Collisions of antiprotons with hydrogen molecular ions

TL;DR

This study presents detailed calculations of ionization and excitation cross sections for antiprotons colliding with hydrogen molecular ions across a wide energy range, using advanced quantum mechanical approximations.

Contribution

It introduces an efficient method using three molecular orientations to accurately compute ionization cross sections, reducing computational effort significantly.

Findings

Accurate ionization cross sections obtained with minimal orientations.

Validation against previous results shows high agreement.

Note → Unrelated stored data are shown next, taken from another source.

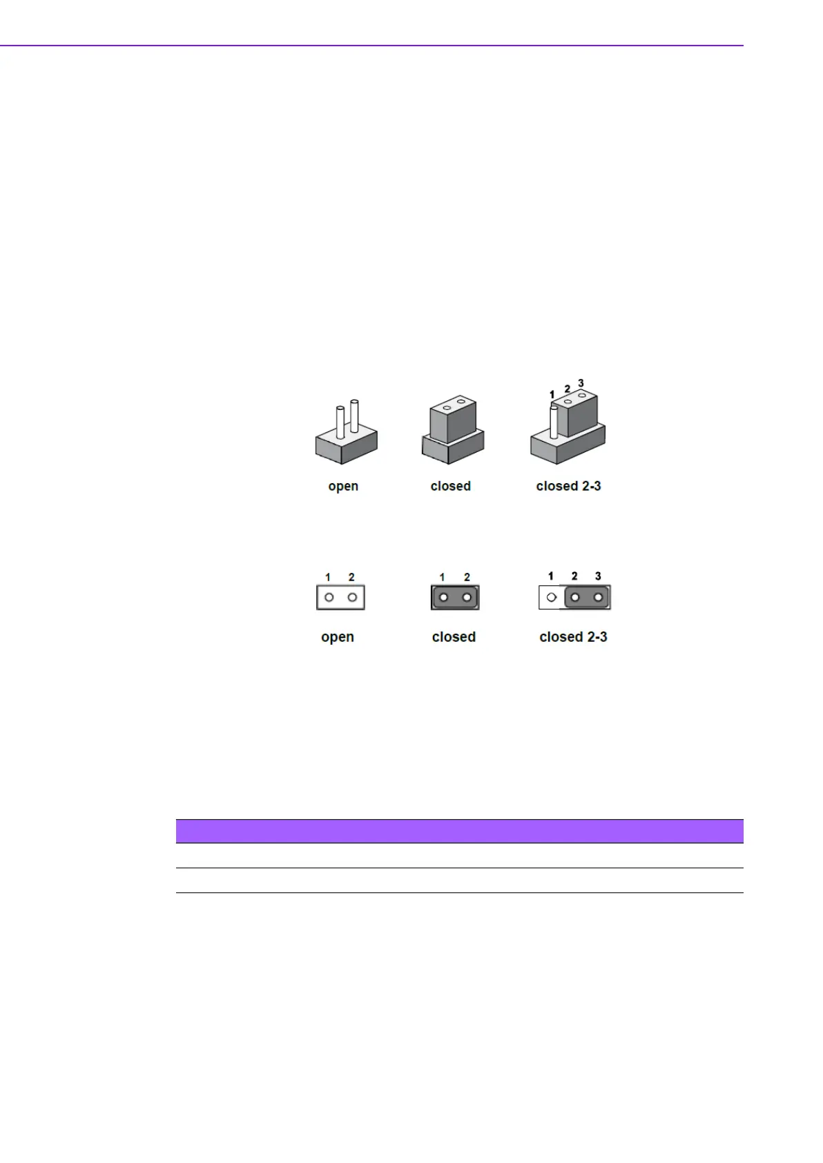 the pins to connect them. To close a jumper, you connect the pins with the clip. To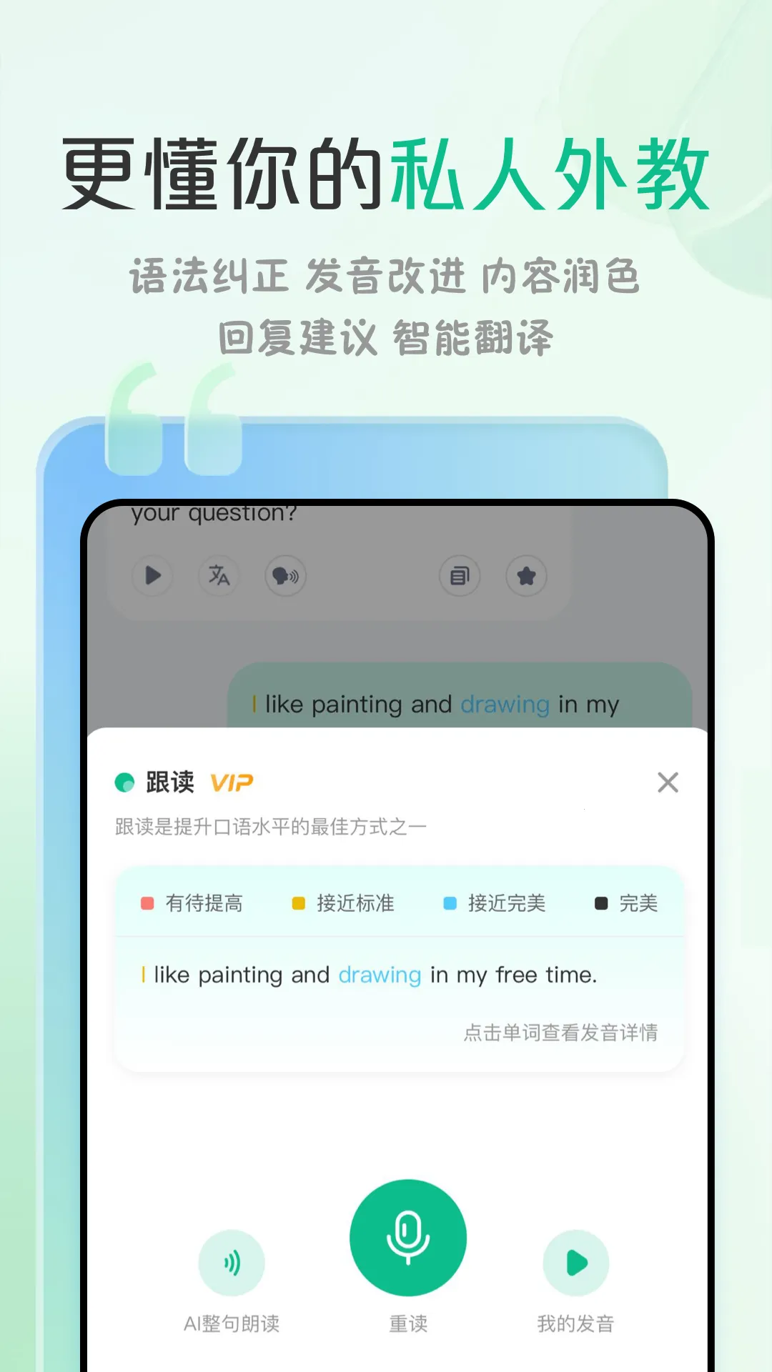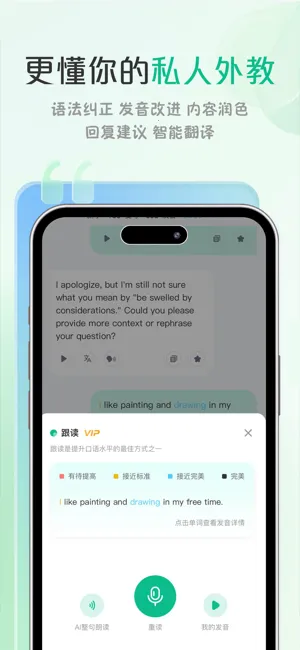 2. 智能纠错反馈:引导式口语练习搭配即时评估,让每个发音细节都得到修正,提升语言精确度。
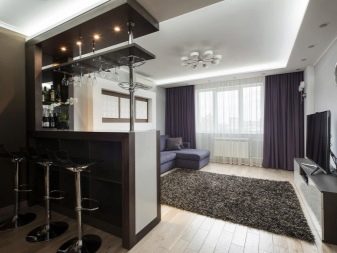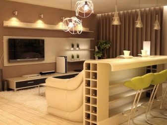 Ja ho hem esmentat anteriorment. Però aquesta no és l’única opció. Si teniu una cuina-menjador, aleshores és la barra que pot separar la zona de cuina de la sala principal. Només cal entendre això No seran suficients 20 places per adaptar-se còmodament a la cuina, a la zona de relaxació i al menjador per a una família nombrosa. Si considerem això com a part d’un apartament per a una o dues persones, aquesta opció és possible.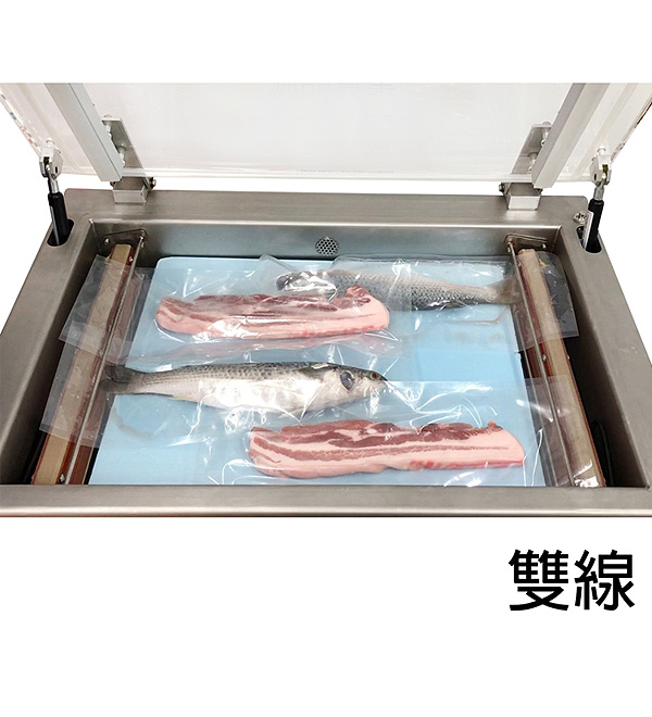 31.5” chamber type vacuum packaging machine. Max. Size of bag 800x600mm (31.5x23.6”) Application: Frozen food, meat, seafood, vegetable, herbs, spices, hardware, electrical parts…etc.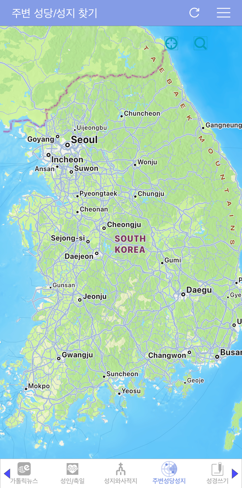 - 주변 성당/성지 찾기: 현재 내가 있는 위치에서 가까운 50개의 성당/성지를 찾아서 상세한 정보를 볼수 있으며 지도를 이동하여 주변 성당을 검색할 수 있습니다.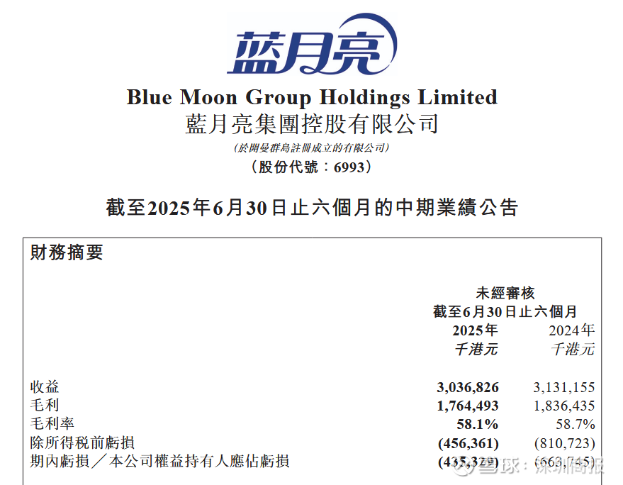 “国民衣物洗护第一品牌”蓝月亮集团(06993)日前发布2025年中期业绩表现,2025年上半年,集团总收益为30.37亿港元,上年同期约31.312亿港元,同比下降3.01%;毛利为17.64亿港元,期内亏损为4.35亿港元。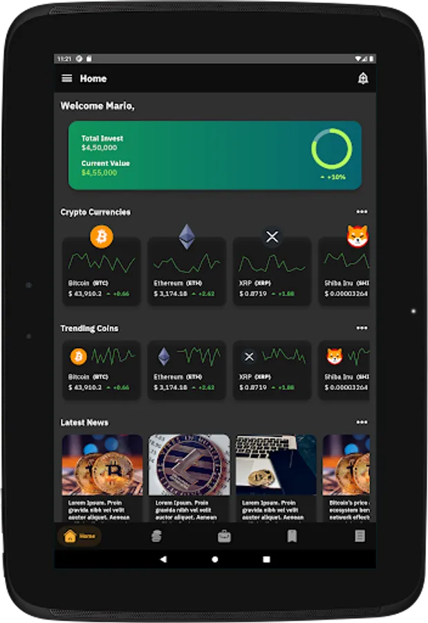 Coinpool cryptocurrency portfolio management flutter app UI kit template is a cryptocurrency-based app where you can easily track live cryptocurrency prices, charts, and coin market changes.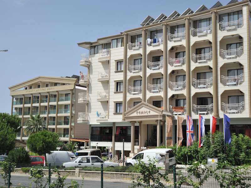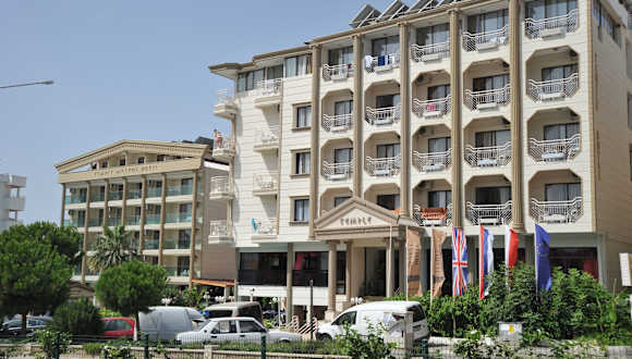 Das Hotel Temple befindet sich in Altinkum, in der Nähe des Sandstrandes, welcher nur etwa 150 m entfernt ist. Die Entfernung zum Stadtzentrum beträgt ca. 300 m. Zu den interessanten Orten in der Umgebung gehören der Strand Altinkum, der Strand Didim 2. Koy Plajı sowie der Hafen von Didim, der ca. 3,4 km entfernt ist. Der nächstgelegene Flughafen ist der Flughafen Bodrum-Milas, welcher etwa 71 km vom Hotel entfernt liegt.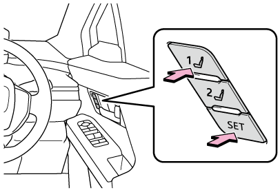 運転席ドアを開けて180秒以内、または運転席ドアを閉めて60秒以内に呼び出したいポジションのボタンを押すと、シートの位置が調整されます。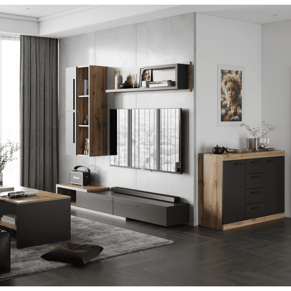 Ansamblu living, stejar Tacho/antracit, KALVADOS 2

Approximate double ionization and H+ production cross sections using the independent-event model.

Abstract

Time-dependent close-coupling calculations of the ionization and excitation cross section for antiproton collisions with molecular hydrogen ions are performed in an impact-energy range from 0.5 keV to 10 MeV. The Born-Oppenheimer and Franck-Condon approximations as well as the impact parameter method are applied in order to describe the target molecule and the collision process. It is shown that three perpendicular orientations of the molecular axis with respect to the trajectory are sufficient to accurately reproduce the ionization cross section calculated by [Sakimoto, Phys. Rev. A 71, 062704 (2005)] reducing the numerical effort drastically. The independent-event model is employed to approximate the cross section for double ionization and H+ production in antiproton collisions with H2.